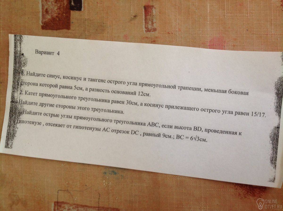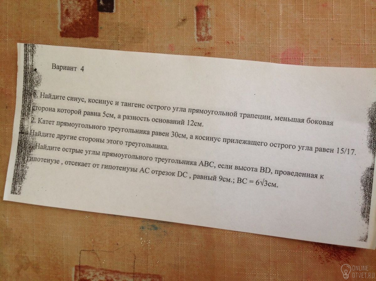 1)проведём в трапеции высоту, она разделила трапецию на прямоугольник и прямоугольный треугольник, у которого один катет равен меньшей стороне трапеции, т.е. =5 см, а второй катет равен разности между основаниями, т.е. = 12. Из прямоугольного треугольника: гипотенуза равна
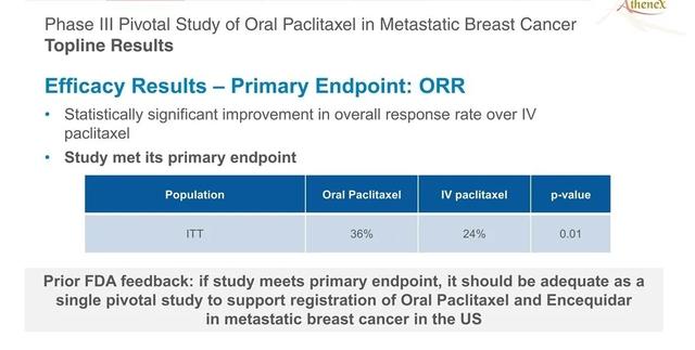 1、与静脉注射紫杉醇相比,口服化疗的总体缓解率(ORR)具有统计学上意义上的显著改善,达到了其主要终点。
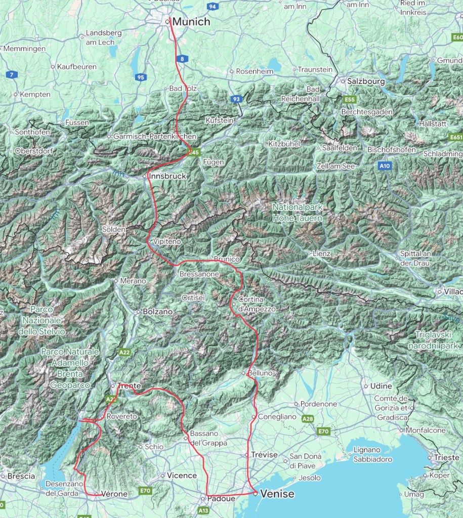Surpris par le réseau cyclable italien, protégé, dense, très bien indiqué, il nous a permis d’accéder à des endroits préservés de la foule touristique et de réajuster notre itinéraire autant que de besoin pour répondre à nos envies du moment.
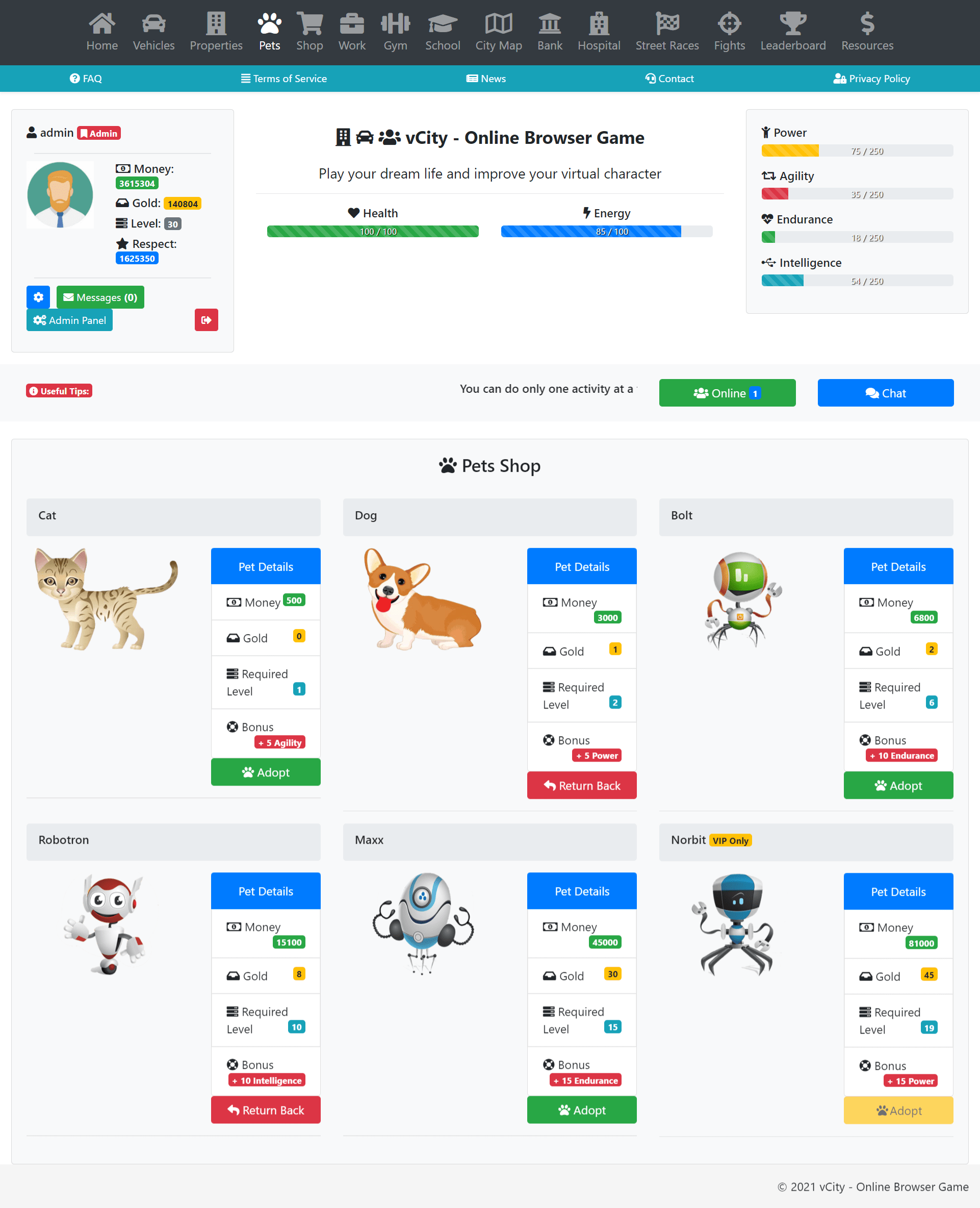 vCity - Online Browser Game
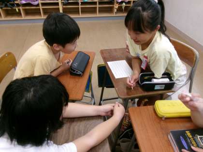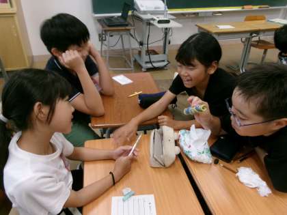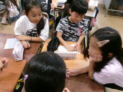 2学期に入り、朝のチャレンジタイムでは夏休みの思い出を共有したり、学級ごとに楽しい遊びをしたりしています。今日は班で協力してお題に合った答えを出し、他の班とかぶらないようにすることを目指す「かぶらナイス」という活動をしました。各班協力して取り組みながら、さらに仲を深めている様子が見られました。
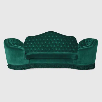 Inspired by 18th century designs, the camelback silhouette is characterized by an arched back and defined lines. This interpretation of the sofa is presented in green velvet and further elevated by capitonnè stitching. Green velvet, Beechwood and poplar structure, Fringe trim, Capitonné stitched upholstery, Capitonné stitched upholstery, Camelback shape, Seats three, 110"W x 47"H x 43.3"D, 100% trevira cs velvet, Made in Italy, This Made to Order item is final sale and cannot be returned or exchanged. Once placed, orders cannot be canceled. Estimated delivery time: 4-5 months. Please note, gift wrapping is not available for this item.

**What is needed:** Here the job is to output the lines from the top of the listing through the line holding "2学期に入り、朝のチャレンジ", word for word and without pictures.

**Solved problem:**
 1)проведём в трапеции высоту, она разделила трапецию на прямоугольник и прямоугольный треугольник, у которого один катет равен меньшей стороне трапеции, т.е. =5 см, а второй катет равен разности между основаниями, т.е. = 12. Из прямоугольного треугольника: гипотенуза равна
 1、与静脉注射紫杉醇相比,口服化疗的总体缓解率(ORR)具有统计学上意义上的显著改善,达到了其主要终点。
Surpris par le réseau cyclable italien, protégé, dense, très bien indiqué, il nous a permis d’accéder à des endroits préservés de la foule touristique et de réajuster notre itinéraire autant que de besoin pour répondre à nos envies du moment.
 vCity - Online Browser Game
 2学期に入り、朝のチャレンジタイムでは夏休みの思い出を共有したり、学級ごとに楽しい遊びをしたりしています。今日は班で協力してお題に合った答えを出し、他の班とかぶらないようにすることを目指す「かぶらナイス」という活動をしました。各班協力して取り組みながら、さらに仲を深めている様子が見られました。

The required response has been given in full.